09 Mar: Predicting and mapping Hawaiian mesophotic coral ecosystems for sustainable coastal development

PI: Robert Toonen
This study sought to address our fundamental lack of knowledge regarding vulnerable low-light, mesophotic coral ecosystems (at depths of 30-180 m) in order to better manage impacts from invasive species, coastal development, and exploration. By using statistical modeling, combined with machine learning, researchers created predictive maps to illustrate the distribution of mesophotic reefs and invasive algae across the main Hawaiian Islands. They found that all islands had some stretches of coastline identified as highly susceptible to invasion of the green alga Avrainvillea amadelpha, in both shallow and mesophotic depths.

09 Mar: Integration of next-generation sequencing into traditional Hawaiian practices to improve management and restoration of fishponds

PI: Robert Toonen
With Hawaiian fishponds as models of sustainable aquatic resource management, this study uses two important crab species, Portunus sanguinolentus hawaiiensis and Scylla serrata, to explore whether fishponds are self-seeding, importing, or exporting species, and whether traditional harvest practices continue to be viable. Early results show a broad diversity of crab sizes, with a possibility of tagging and tracking crabs outside the fishpond, as well as within.

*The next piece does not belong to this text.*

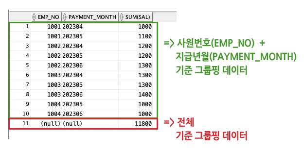 GROUP BY ROLLUP((EMP_NO, PAYMENT_MONTH));

09 Mar: Assessing the vulnerability of coastal wastewater infrastructure to climate change

PI: Daniele Spirandelli
This research aimed, with community and agency stakeholders, to identify and map critical factors contributing to wastewater infrastructure vulnerability to a changing climate, particularly sea-level rise and extreme precipitation, and to develop a process that builds adaptive capacity into the system. Results showed groundwater inundation as a significant threat to sewer pipes, and a policy gap analysis identified discontinuities in key components of Hawaiʻi’s current onsite management program between land-use planning efforts and state siting regulations.

09 Mar: Longitudinal assessment: Our Project in Hawaiʻi’s Intertidal (OPIHI)

PI: Kanesa Seraphin
This project revisited the Hawaiian intertidal zone, last studied over a decade ago, to document, monitor, and assess changes in species compositions due to factors like climate change, coastal development, and the spread of invasive species. The project trained and mentored undergraduate students as interns, for college credit, gaining important, required hands-on research experience. By engaging these students as well as community members in this place-based research, 48 comprehensive surveys were completed across the state, with preliminary results suggesting the spread of invasive algae and changes to water quality.

09 Mar: The use of a euryhaline Tilapia to assess the endocrine disrupting effects of anthropogenic chemicals on growth and osmoregulation of a tropical teleost species inhabiting coastal waters and wetlands in Hawaiʻi and the tropics

PI: Andre Seale
This work sought to understand the integrated physiological and developmental effects of endocrine-disrupting agricultural chemicals on the tropical euryhaline tilapia, Oreochromis mossambicus. Mozambique tilapia are widely used for aquaculture production so this research may better inform those interested in the effects of these waterborne chemicals on the growth and health of these fish. It will also provide critical information towards proper management of pesticide use and water resources to mitigate the effects of these agricultural chemicals on aquatic wildlife in general.

09 Mar: Predicting Hawaiʻi water demand under climate change

PI: Michael Roberts
This project studied how climate change may affect future water demand on Oʻahu, focusing on variations in temperature, precipitation, and prevailing climatic conditions. Results imply that microclimates play an important role in demand, with the hot and dry area households using typically 100 gallons more per day than those in cooler, wetter aras. Using water billing data cross-referenced with fine-scale weather data, a model was developed that estimates the growth of Oʻahu aquifer yields needed to satisfy possible shifts in demand (up to 50% increase) under different climate scenarios, or alternatively, the price increases necessary to limit consumption levels.